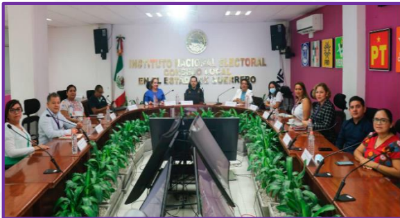
Reunión de trabajo con el Vocal Ejecutivo del Instituto Nacional Electoral en Guerrero
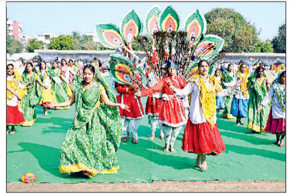
सोनीपत। सोनीपत की पुलिस लाइन में फुल ड्रेस फाइनल रिहर्सल में सांस्कृतिक कार्यक्रम प्रस्तुत करती छात्राएं।
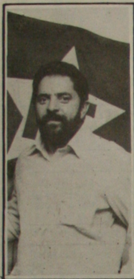
Lula desiste de ser presidente
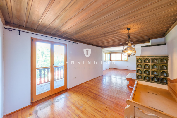
Wohnbereich mit Zugang Balkon
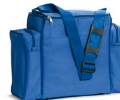
149004 Borsa per biometro e pachimetro
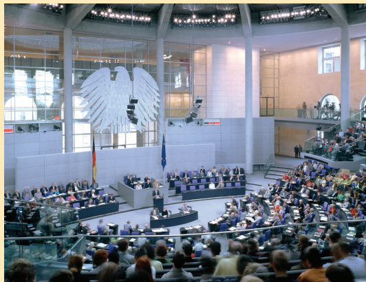
Informationen des Bundeswahlleiters
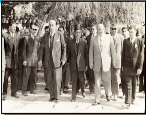
نرشح مشفى بيروت الوطني عام ١٩٥٥ م
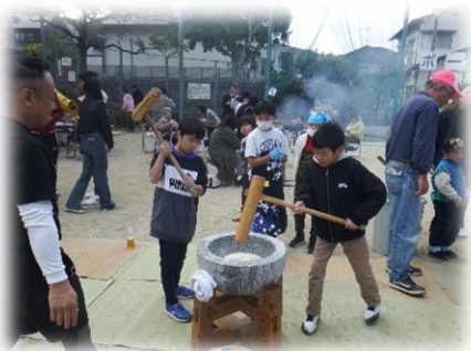
【餅つきをする子供たち】

12月9, 11, 12日 「花まる先生」(学習支援)では、計算問題の採点など多くの保護者の皆様に御協力いただきました。子供たちがたくさんの問題に挑戦することができました。
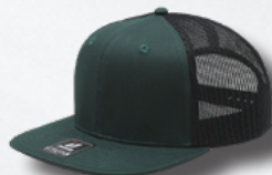
DK GREEN BLACK
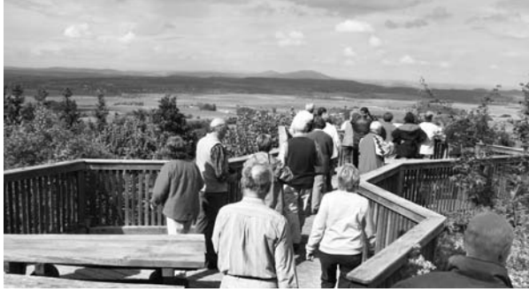
Blick in den Grabfeldgau mit den Gleichbergen
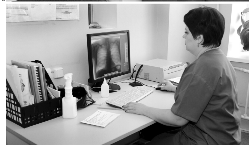
Орловский противотуберкулёзный диспансер обладает самым современным оборудованием

= = = = = = =

- Task brief
Write the entries out again exactly as they appear, with the pictures omitted.

- Solution for this problem
Reunión de trabajo con el Vocal Ejecutivo del Instituto Nacional Electoral en Guerrero
सोनीपत। सोनीपत की पुलिस लाइन में फुल ड्रेस फाइनल रिहर्सल में सांस्कृतिक कार्यक्रम प्रस्तुत करती छात्राएं।
Lula desiste de ser presidente
Wohnbereich mit Zugang Balkon
149004 Borsa per biometro e pachimetro
Informationen des Bundeswahlleiters
نرشح مشفى بيروت الوطني عام ١٩٥٥ م
【餅つきをする子供たち】

12月9, 11, 12日 「花まる先生」(学習支援)では、計算問題の採点など多くの保護者の皆様に御協力いただきました。子供たちがたくさんの問題に挑戦することができました。
DK GREEN BLACK
Blick in den Grabfeldgau mit den Gleichbergen
Орловский противотуберкулёзный диспансер обладает самым современным оборудованием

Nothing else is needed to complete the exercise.